(Given data begins)
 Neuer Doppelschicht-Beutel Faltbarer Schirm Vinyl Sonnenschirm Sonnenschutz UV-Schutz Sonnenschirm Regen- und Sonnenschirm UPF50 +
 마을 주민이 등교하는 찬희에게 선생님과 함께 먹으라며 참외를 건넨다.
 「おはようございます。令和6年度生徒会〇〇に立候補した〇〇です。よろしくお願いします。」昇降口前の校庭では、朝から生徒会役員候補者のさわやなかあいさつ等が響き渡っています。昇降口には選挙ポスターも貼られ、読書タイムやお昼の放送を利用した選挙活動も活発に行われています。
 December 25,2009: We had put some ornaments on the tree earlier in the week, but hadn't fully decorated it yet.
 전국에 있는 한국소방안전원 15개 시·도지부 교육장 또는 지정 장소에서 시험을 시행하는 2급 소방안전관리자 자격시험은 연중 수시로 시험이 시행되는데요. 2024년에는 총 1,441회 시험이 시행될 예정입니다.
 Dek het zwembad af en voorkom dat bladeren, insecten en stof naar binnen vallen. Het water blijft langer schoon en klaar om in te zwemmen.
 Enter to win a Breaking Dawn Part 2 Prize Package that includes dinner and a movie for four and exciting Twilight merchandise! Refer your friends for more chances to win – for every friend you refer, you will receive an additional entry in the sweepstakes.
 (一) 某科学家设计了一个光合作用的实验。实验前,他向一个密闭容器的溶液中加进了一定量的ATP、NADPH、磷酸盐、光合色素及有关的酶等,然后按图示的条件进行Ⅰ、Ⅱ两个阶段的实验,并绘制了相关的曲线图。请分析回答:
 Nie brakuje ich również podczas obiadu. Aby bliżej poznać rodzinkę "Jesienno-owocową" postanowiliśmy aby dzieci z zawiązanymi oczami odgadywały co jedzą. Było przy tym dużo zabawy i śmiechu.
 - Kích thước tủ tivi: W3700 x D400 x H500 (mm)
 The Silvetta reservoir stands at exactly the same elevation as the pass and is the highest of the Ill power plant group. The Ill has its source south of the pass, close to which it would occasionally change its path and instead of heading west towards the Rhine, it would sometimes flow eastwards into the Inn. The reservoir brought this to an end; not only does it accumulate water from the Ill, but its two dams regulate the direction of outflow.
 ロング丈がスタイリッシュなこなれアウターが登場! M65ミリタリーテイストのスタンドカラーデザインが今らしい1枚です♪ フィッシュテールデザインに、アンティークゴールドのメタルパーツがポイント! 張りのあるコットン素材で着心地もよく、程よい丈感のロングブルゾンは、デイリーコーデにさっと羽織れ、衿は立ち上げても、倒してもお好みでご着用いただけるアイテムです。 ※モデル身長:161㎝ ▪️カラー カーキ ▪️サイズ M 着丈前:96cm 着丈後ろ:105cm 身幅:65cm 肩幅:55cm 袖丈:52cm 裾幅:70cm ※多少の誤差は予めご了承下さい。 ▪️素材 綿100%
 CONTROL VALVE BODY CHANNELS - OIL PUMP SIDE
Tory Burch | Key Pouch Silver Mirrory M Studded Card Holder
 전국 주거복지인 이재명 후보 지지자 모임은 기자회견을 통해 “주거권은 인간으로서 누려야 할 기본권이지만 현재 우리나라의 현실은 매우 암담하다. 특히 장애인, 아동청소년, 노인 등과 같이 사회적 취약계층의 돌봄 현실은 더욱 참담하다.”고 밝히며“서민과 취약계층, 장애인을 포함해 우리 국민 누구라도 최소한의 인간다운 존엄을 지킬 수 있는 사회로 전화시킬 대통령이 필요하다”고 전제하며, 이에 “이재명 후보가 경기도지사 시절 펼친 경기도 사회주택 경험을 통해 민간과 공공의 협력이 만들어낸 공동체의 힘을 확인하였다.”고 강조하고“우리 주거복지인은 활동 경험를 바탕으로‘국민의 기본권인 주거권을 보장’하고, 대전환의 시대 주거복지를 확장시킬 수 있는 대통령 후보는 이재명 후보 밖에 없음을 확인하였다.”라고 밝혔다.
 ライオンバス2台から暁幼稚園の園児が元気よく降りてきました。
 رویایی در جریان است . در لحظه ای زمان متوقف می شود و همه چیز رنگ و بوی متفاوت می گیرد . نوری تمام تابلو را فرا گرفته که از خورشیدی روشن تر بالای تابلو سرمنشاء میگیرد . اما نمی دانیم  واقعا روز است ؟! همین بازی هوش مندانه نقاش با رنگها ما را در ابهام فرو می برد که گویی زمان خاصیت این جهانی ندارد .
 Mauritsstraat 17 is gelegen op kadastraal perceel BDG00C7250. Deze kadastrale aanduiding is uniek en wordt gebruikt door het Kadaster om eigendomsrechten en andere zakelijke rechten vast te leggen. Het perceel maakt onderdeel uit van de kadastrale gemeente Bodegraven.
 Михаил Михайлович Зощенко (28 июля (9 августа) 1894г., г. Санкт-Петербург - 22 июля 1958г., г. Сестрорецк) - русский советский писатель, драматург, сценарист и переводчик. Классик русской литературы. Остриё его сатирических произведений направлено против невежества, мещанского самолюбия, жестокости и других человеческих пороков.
(Given data ends)
Work request: Looking back over the data above, restate word for word the lines that begin at the line with "Nie brakuje ich" and end at the line with "- Kích thước", inclusive.

Problem solution:
 Nie brakuje ich również podczas obiadu. Aby bliżej poznać rodzinkę "Jesienno-owocową" postanowiliśmy aby dzieci z zawiązanymi oczami odgadywały co jedzą. Było przy tym dużo zabawy i śmiechu.
 - Kích thước tủ tivi: W3700 x D400 x H500 (mm)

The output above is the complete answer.